Dataset extract.

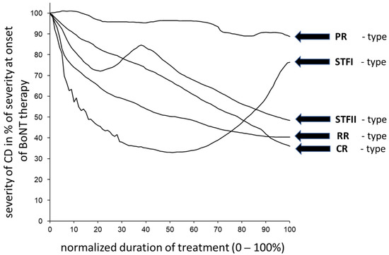 Patients´ drawings of the course of CD severity after the onset of botulinum toxin therapy (CoDA graphs) differ considerably. A total of 54 out of 66 patients (=81.8%; RR + CR + STF + OR subgroups) experienced a good response during the initial phase of treatment. This corresponds with previously reported initial responder rates of more than 70%, with an improvement of more than 25% [19,24]. In a review from 2003, a benefit from BoNT therapy was reported in 70–85% of CD patients [25]. The long-term outcome from BoNT therapy depends on a variety of factors: the genetic constellation of the patient (see next paragraph), the BoNT preparation used [23,26], the dose per session, the length of the treatment cycle, the clinician’s knowledge about optimal injection sites for muscles (detailed in [27,28]), and the duration of the treatment [26].
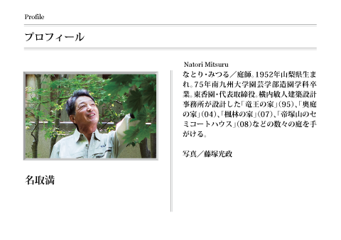 横内さんと私の庭のつくり方は、雑木を用い、自然でやさしい感じの線を出すなど、似ているところが多くあります。手本はやはり京都です。先生の場合は庭だけでなく、建築もさらっとやさしいですね。
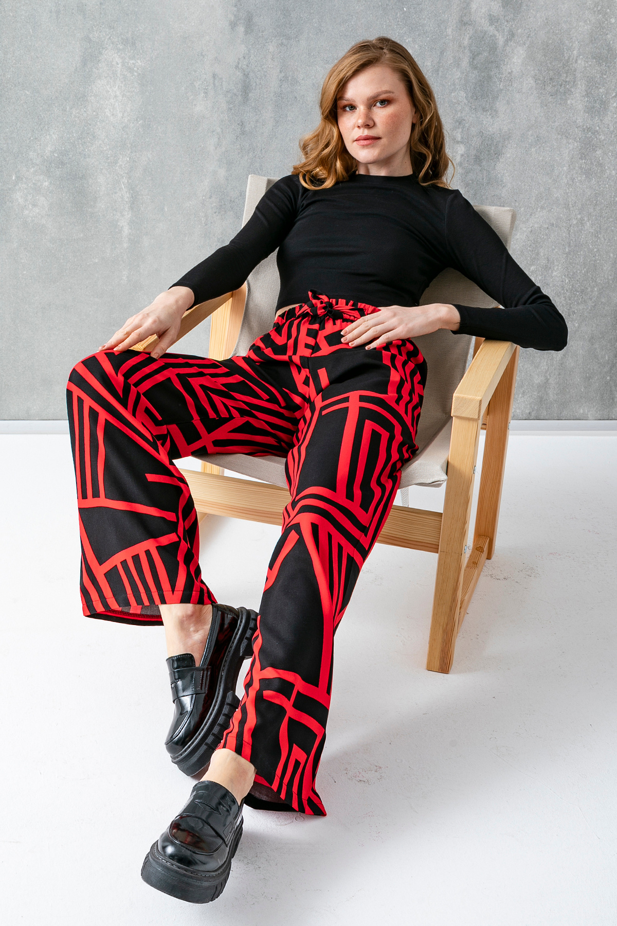 Kadın Kırmızı Siyah Desenli Dökümlü Viskon Palazzo Pantolon - 25001 Kadın Kırmızı Siyah Desenli Dökümlü Viskon Palazzo Pantolon - 25001 1680-25001 2XL

Task instructions.
Could you transcribe exactly the lines running from the one with "横内さんと私の庭のつくり方は" to the final line of the material above, both included, with no pictures?

Exercise answer.
 横内さんと私の庭のつくり方は、雑木を用い、自然でやさしい感じの線を出すなど、似ているところが多くあります。手本はやはり京都です。先生の場合は庭だけでなく、建築もさらっとやさしいですね。
 Kadın Kırmızı Siyah Desenli Dökümlü Viskon Palazzo Pantolon - 25001 Kadın Kırmızı Siyah Desenli Dökümlü Viskon Palazzo Pantolon - 25001 1680-25001 2XL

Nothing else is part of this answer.